Abstract
Escherichia coli ST131 is a major cause of infection with
extensive antimicrobial resistance (AMR) facilitated by widespread
beta-lactam antibiotic use. This drug pressure has driven
extended-spectrum beta-lactamase (ESBL) gene acquisition and evolution
in pathogens, so a clearer resolution of ST131’s origin, adaptation and
spread is essential. E. coli ST131’s ESBL genes are typically
embedded in mobile genetic elements (MGEs) that aid transfer to new
plasmid or chromosomal locations, which are mobilised further by plasmid
conjugation and recombination, resulting in a flexible ESBL, MGE and
plasmid composition with a conserved core genome. We used population
genomics to trace the evolution of AMR in ST131 more precisely by
extracting all available high-quality Illumina HiSeq read libraries to
investigate 4,071 globally-sourced genomes, the largest ST131 collection
examined so far. We applied rigorous quality-control, genome de novo
assembly and ESBL gene screening to resolve ST131’s population
structure across three genetically distinct Clades (A, B, C) and
abundant subclades from the dominant Clade C. We reconstructed their
evolutionary relationships across the core and accessory genomes using
published reference genomes, long read assemblies and k-mer-based
methods to contextualise pangenome diversity. The three main C subclades
have co-circulated globally at relatively stable frequencies over time,
suggesting attaining an equilibrium after their origin and initial
rapid spread. This contrasted with their ESBL genes, which had stronger
patterns across time, geography and subclade, and were located at
distinct locations across the chromosomes and plasmids between isolates.

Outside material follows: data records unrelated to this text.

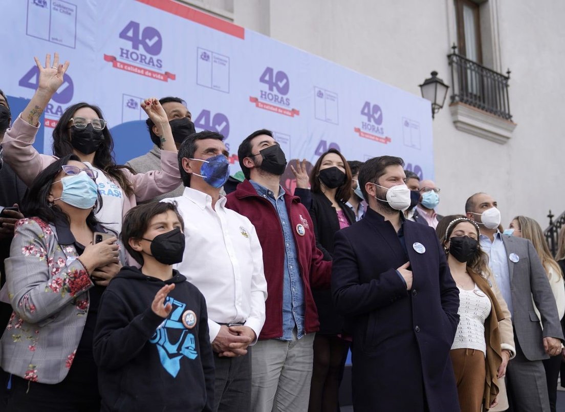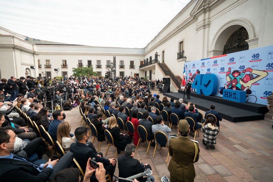 En un acto realizado el martes en el Palacio de la Moneda, sede del Ejecutivo chileno, el presidente Boric junto a otros altos funcionarios de gobierno, habló sobre la importancia de reducir de 45 a 40 horas semanales las horas de trabajo, al considerar que es una apuesta en favor de la calidad de vida, la salud mental, la recreación y el tiempo libre, para que las familias puedan compartir con sus seres queridos.
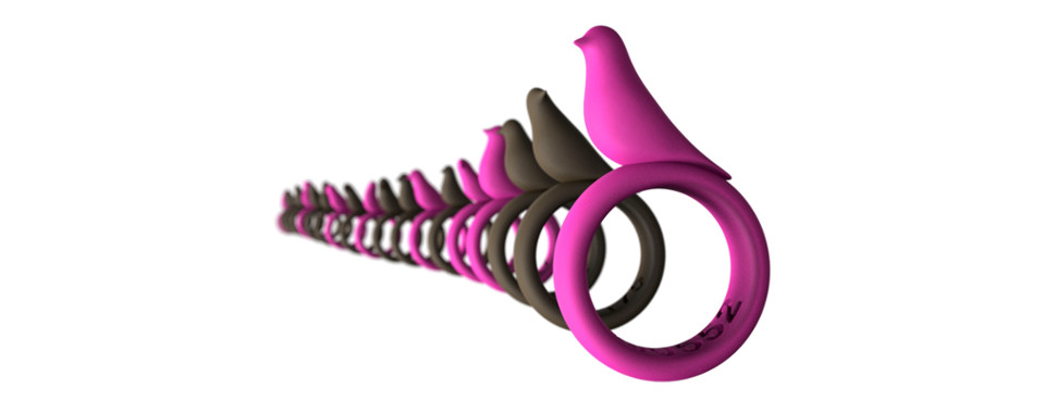 I was really excited when Michiel Cornelissenasked me to help him create just such a product. He brought his One In A Million Bird design to me (already in a 3D file), and his ideas on what the extremes of the variations should be. For instance how far the bird was allowed to turn his head left, or how small or large a bird could be. I then set up a system using thepython programming language inside Blender 3D that could generate as many birds as Cornelissen wanted. To create all the shapes and poses of the birds the same sort of technology was used as for characters in animated movies (for instance Sintel). Not only that, but every version got a unique code on the inside of the ring. Every bird was stored in a database to make sure they were all indeed absolutely unique.
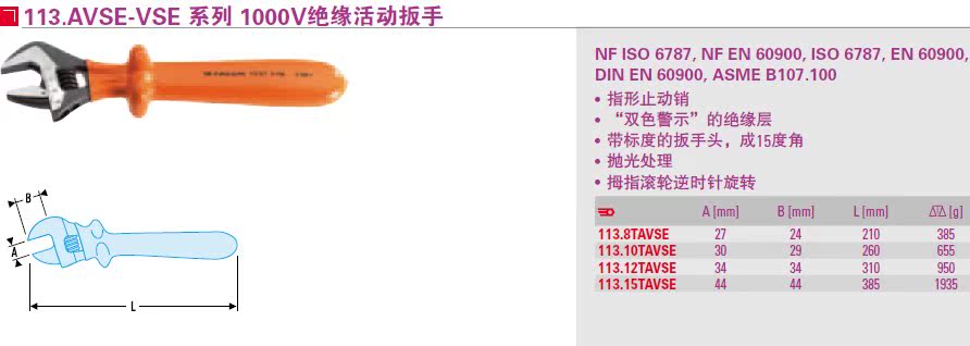 FACOM tools 1000V insulated adjustable wrench 12 inch 113 12TAVSE

Within the three C subclades, the core and accessory genome diversity
levels were not correlated due to plasmid and MGE activity, unlike
patterns between the three main clades, A, B and C. This population
genomic study highlights the dynamic nature of the accessory genomes in
ST131, suggesting that surveillance should anticipate genetically
variable outbreaks with broader antibiotic resistance levels. Our
findings emphasise the potential of evolutionary pangenomics to improve
our understanding of AMR gene transfer, adaptation and transmission to
discover accessory genome changes linked to novel subtypes.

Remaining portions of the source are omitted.